Puedes emplear el sistema de percusion que golpea mientras la broca esta girando, o bien utilizar otros taladros que solo actuan como percutores y no giran.


----------



## DOSMETROS (May 11, 2010)

Creo que un solenoide largo ( 40 cm.) de corriente contínua impulsando una masa importante sería efectivo.

La imagen va en parte en serio , en parte no .









Saludos !


----------



## fernandob (May 11, 2010)

hola , yo de curioso nomas, por que no creo poder aportar nada, pero:
piden "golpear" a la estructura.
es asi ?? o es en sentido figurado ??

por que al golpear la dañan .

al principio pense yo al leer esto de hacer vibrar una estructira a una freciencia, como si fuese una onda......me parecia loco .
y luego pense que a veces cuando viajo en el colectivo (bus) veo vibrar a todo el (pasamanos, caños , etc) a una frecuencia rapida.

no es similar y quizas mas viable en vez de golpear el *adosar *de algun modo el motor o el mecanismo que genere la vibracion.??

o no se logra el mismo objetivo ??


----------



## fj87 (May 15, 2010)

fernandob, la opción de adosar algo a la estructura tipo motor o mecanismo genera una vibración en una frecuencia determinada, por lo que habria que realizar un barrido frecuencial, que en mi caso, dadas las limitaciones no puedo realizar. El hecho de "golpear" a la estructura genera algo así como un escalón al sistema (la estructura) que activa los diferente modos de vibración de la misma.

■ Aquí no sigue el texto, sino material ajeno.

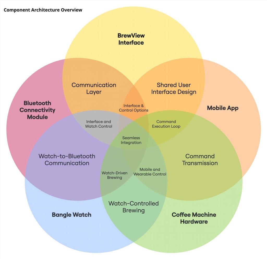 The Interface Architecture (hardware components) outlines the backend infrastructure that facilitates seamless communication between the BrewView interface, mobile app, and the coffee machine hardware. This architecture ensures that user commands are transmitted accurately and efficiently, enabling real-time interaction with the smart coffee machine.

He elaborado una "solución" temporal a falta de aumentar la carga del impacto. He empleado un solenoide que al actuar sobre él, comprime un resorte y al cortar la alimentación se produce el impacto.


----------



## golumx (May 22, 2010)

Si lo que quieres es controlar la vibracion la opcion mas simple y barata  es un taladro-percutor con velocidad variable que controlas desde el ordenador, para tener un control total tendrias que tener una IMU (o varias) para monitorizar la vibracion de la estructura y con un par de encoders controlar y monitorizar la velocidad de giro del motor y la frecuencia de percusion. Si lo haces con solenoides busca en doctor google Coil-gun y cañon de Gauss, pero creo que el consumo seria mucho mas elevado, ademas de costoso ya que tendrias que tener una etapa de condensadores de gran capacidad y voltaje, con una gran etapa para  cargar estos condensadores tan rapido como sea la frecuencia de disparo, pero tiene la ventaja de que controlando la capacidad de carga de estos cebadores tambien controlas la catidad de energia comunicada a la estructura pero el sistema se complicaria bastante.


----------